Yine bir ülke düşünün yılda birkaç kez göçük meydana gelen kömür ocaklarından dolayı her yıl yüzlerce insan hayatını kaybetsin. Bir trafik kazası ya da tren kazasından dolayı onlarca bazen yüzlerce insan hayatını kaybetsin. Küçük ölçekli depremlerden bile yüzlerce insan hayatını kaybetsin

Ne yazık ki bu felaketler yaşanır, bir müddet medyada sebepleri tartışılır sonra unutulur gider. Önce hükümet yetkilileri enkazın başına gelir ve “suçlular cezasız kalmayacak, bu işin üstünü kapatmayacağız” gibi daha bir sürü beylik laf eder sonra da kendilerini lüks bir restorana atar ve masayı donattırarak “aksırıncaya tıksırıncaya kadar yer” ardından makam arabalarına biner korumaların aracından ara ara çıkan siren sesleriyle kalabalık trafikte kaybolur giderler. Bir ara fırsat bulurlarsa muhalefet partisine çatar ve suçu yerel yönetime atarak işten kurtulmayı da denerler.

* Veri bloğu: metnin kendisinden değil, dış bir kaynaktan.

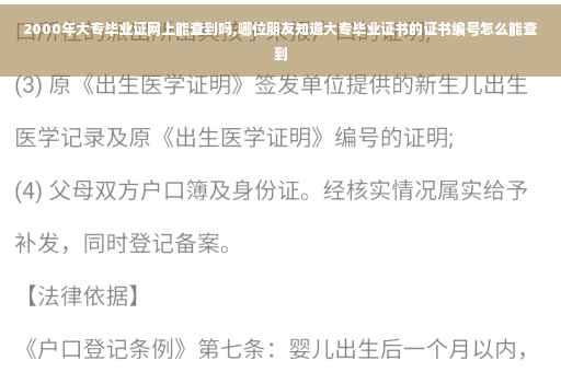 2000年大学本科毕业的,可以在学信网上查到。 如果是1991年之后的全日制的大学毕业证应该就能从学信网查到。其中,研究生、普通本和专科的学历证书可在线即时电注册
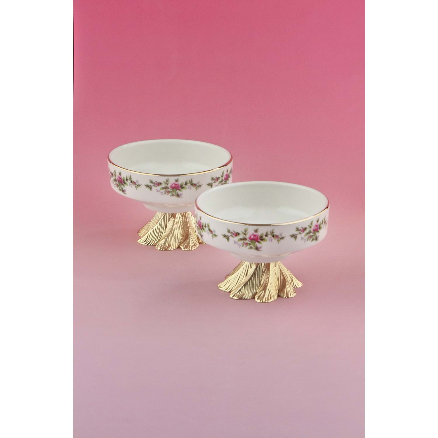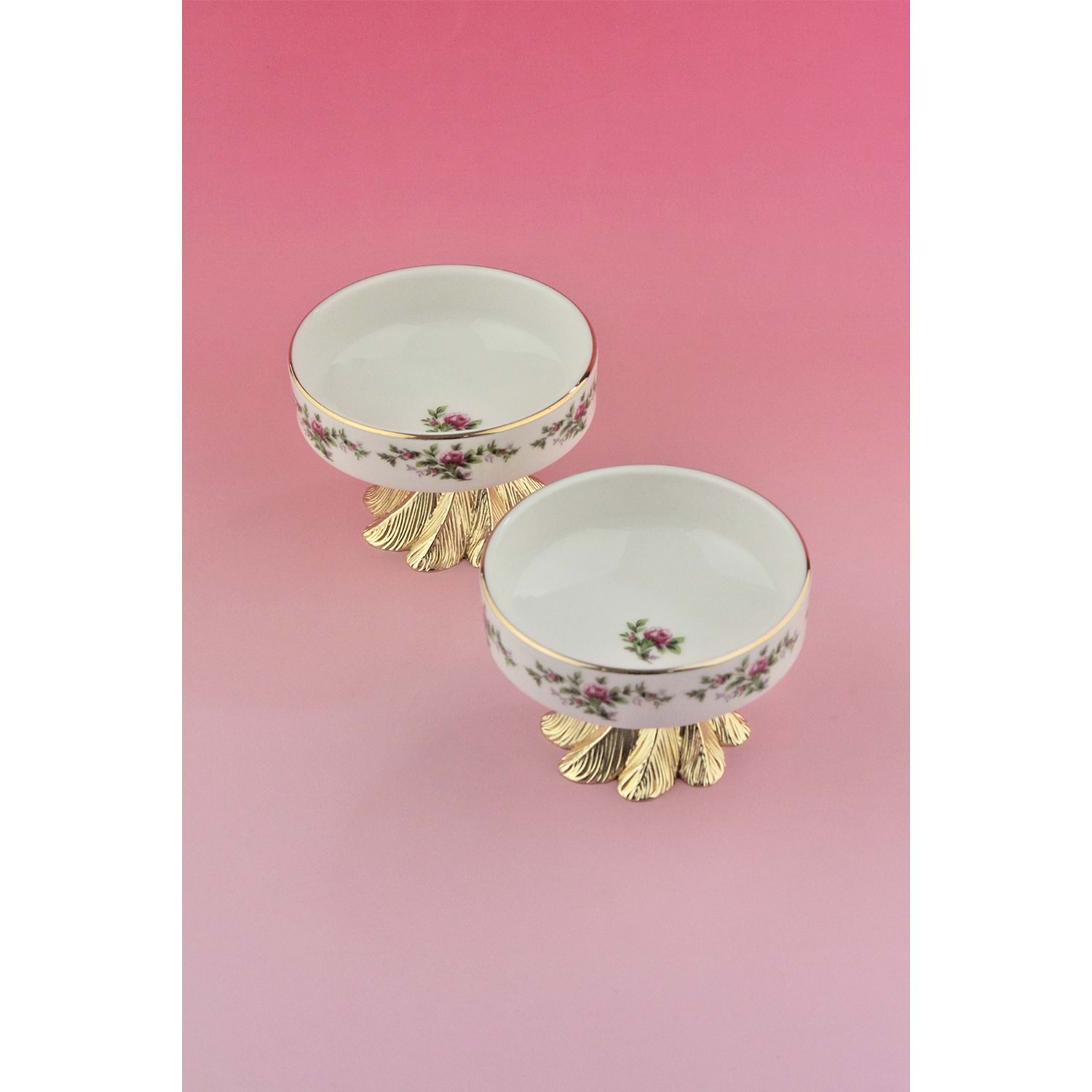 2 adet metal ayaklı altın yaldızlı porselen kase çap 10 cm, yükseklik 8 cm,

Sıra,  her daim kış uykusunda olan anlı şanlı üniversitelerimizdeki ilgili fakültelerin profesörlerine gelir. Onlar da felaket yaşandıktan sonra başlarlar kanal kanal gezmeye. Kanallar da çok büyük bir iş başarmış gibi profesörlere konuyla ilgili sözüm ona sorular yöneltirler. Onlar da  “efendim” ile başlayan ve kimsenin anlamadığı bir sürü teknik terim ve kavramla binanın nasıl çöktüğüne dair ahkâm kesmeye devam ederler. 

Yukarıda sözü edilen ülke kriterlerine uyan ülkeleri sıralayacak olursak Pakistan, Hindistan, Mısır, Afganistan, İran, birçok Afrika ülkesi ve Endonezya gibi ülkeler akla gelmez mi?  Bu ülkeler gelişmiş ülkeler mi? Çoğu gelişmemiş ya da az gelişmiş ülke. Peki bizim ülkemiz de bu kriterlere uymuyor mu? Uyuyor. O halde bizim ülkemiz de gelişmemiş veya az gelişmiş ülkeler grubunda yer almaz mı? Yer alır. Peki bütün bu görüntülerin sebebi ne? Rüşvet, vergi kaçırma, adam kayırma, işin ehlinde olmaması, başta belediyeler olmak üzere merkezi hükümetin yeterli denetim yapmaması değil mi?   

Gelişmiş ülkelerde bu görüntülere niye rastlamıyoruz? Çünkü o ülkelerde rüşvet, vergi kaçırma, adam kayırma, işin ehlinde olmaması, denetimsizlik neredeyse sıfır noktasında da ondan. İşin acı tarafı ülkemiz de dahil yukarıda saydığımız ülkeler büyük oranda Müslüman ülkeler.

Bu görüntülerin yaşanması istenmiyorsa gelişmiş ülkelerde olduğu gibi; ihmal, rüşvet, vergi kaçırma gibi eylemlerde bulunanlara en ağır cezaların verilmesi gerekir. Belediye başkanından, milletvekiline hatta hükümet yetkililerine kadar kim kusurluysa gözünün yaşına bakmadan gerekli cezalar verilmelidir. Aksi takdirde daha çok bina yıkılır, kazalar olur, daha çok gariban insanımızı bu felaketlerde kaybederiz. Üstelik ihmali veya kusuru olanın da yanına kar kalır.